Revised version: August 2001

Keywords: memory#representation#time#trace#self

Memory is a set of cognitive capacities by which humans and other animals retain information and reconstruct past experiences, usually for present purposes. Philosophical investigation into memory is in part continuous with the development of cognitive scientific theories, but includes related inquiries into metaphysics and personal identity.

Introduction

Cognitive scientists study an enormous variety of topics under the headings of memory and learning. Events affect humans, other animals, and machines in many ways, and sometimes enduring changes in the respective systems result, altering actual and possible future behaviour. Philosophers have been centrally interested in human personal memory for episodes and experiences in the autobiographical past, as manifested in reminiscence, recall, and recognition. This is partly because of a focus on memory as a topic in epistemology, the theory of knowledge, which was in the 20th century often pursued through  methods of linguistic and conceptual analysis that were oddly divorced from psychological inquiry. Recently, however, a naturalistic turn in philosophy of mind has brought theories of memory firmly into productive contact with cognitive science. This article first sketches central philosophical questions about memory, self, and time. We then focus on a specific debate which is particularly relevant to cognitive science, about the existence and nature of memory traces, and concludes by outlining recent moves towards a more insistently interdisciplinary approach to memory.

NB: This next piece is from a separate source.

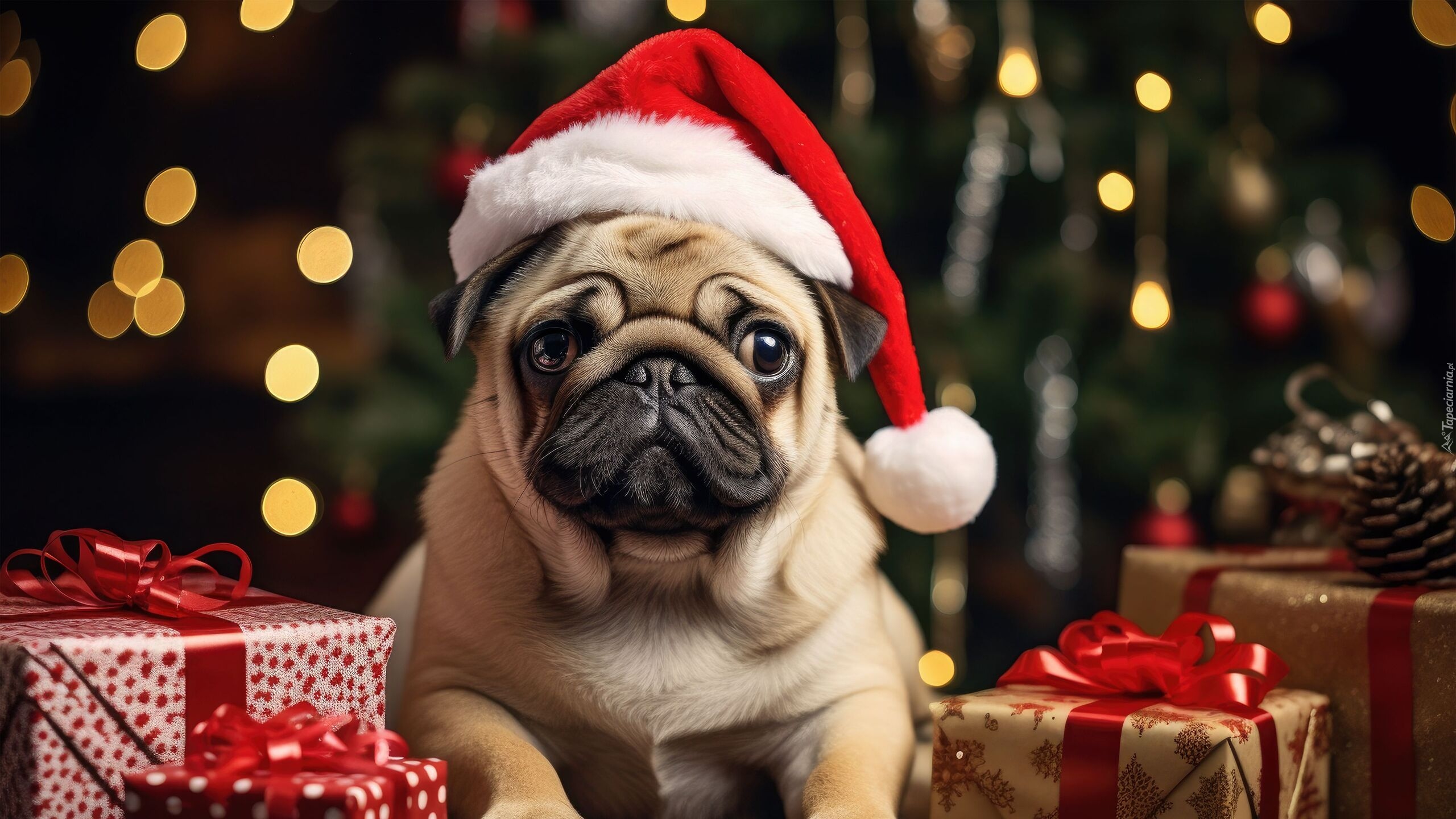 Edytor tapety: Mops w czapce Mikołaja leżący obok prezentów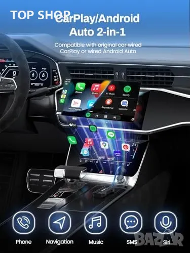 Нов Безжичен CarPlay адаптер за автомобили 2017+ iPhone/Android Auto

Philosophical Issues concerning Memory

Memory and Self
Cognitive scientific views of consciousness and self will increasingly influence traditional philosophical discussion about memory and personal identity. To what extent does memory construct and maintain the continuity of personal identity over time? In the history of Western philosophy this question was of pressing concern in religious contexts. In order for it to be truly me who is saved or damned at the Day of Judgement, the judged soul had to be numerically identical with the person who committed sinful or praiseworthy acts in this life: for Christian philosophers like John Locke, this meant that we had to retain personal memory in the afterlife. In our materialist age, the issue remains urgent because many moral and legal practices require a robust notion of continuous responsible agency. Some philosophers argue on conceptual grounds that memory cannot be the basis of personal identity because remembering presupposes a self who remembers. But others, notably philosophers who see the self as less unified, stable, and integrated than is acknowledged in traditional philosophical theories of personal identity, urge attention to real case studies of, for example, amnesia and dissociative identity, or to better cognitive theories of the selective and constructive nature of autobiographical memory (Schechtman 1994).

Memory and Time
What role does memory play in our understanding of time? How is time represented in memory? The philosopher John Campbell (1997) has developed a new picture of the structure of time in autobiographical remembering. For Campbell, the human ability self-consciously to identify personal episodes as having happened at particular past times is bound up with our unique capacities to locate events, and ourselves, in an asymmetric temporal and causal order. Just as our spatial representational skills are not restricted to egocentric models, so our mature temporal orientation involves an objective conception of time as linear. Drawing on empirical work on the representation of time in humans and other animals, Campbell claims that only humans are genuinely oriented with respect to particular times rather than merely to phase or rhythm. Because we can grasp the temporal relations between temporal cycles or phases, we have a conception of the connectedness of time which gives us the concept of the past. This detached or reflective sense of time is what grounds our understanding of the uniqueness of particular actions. Campbell's audacious analysis of memory and time suggests, among other things, that there is no true episodic memory in non-human animals, and thus offers both empirical and conceptual challenges to his opponents. Comparative ethology and cognitive anthropology are as relevant to the evaluation of his account as is the clinical neuropsychology of amnesia. So this case can serve as a first illustration of the possibility that the immediate future of the cognitive philosophy of memory science will be bewilderingly and excitingly interdisciplinary.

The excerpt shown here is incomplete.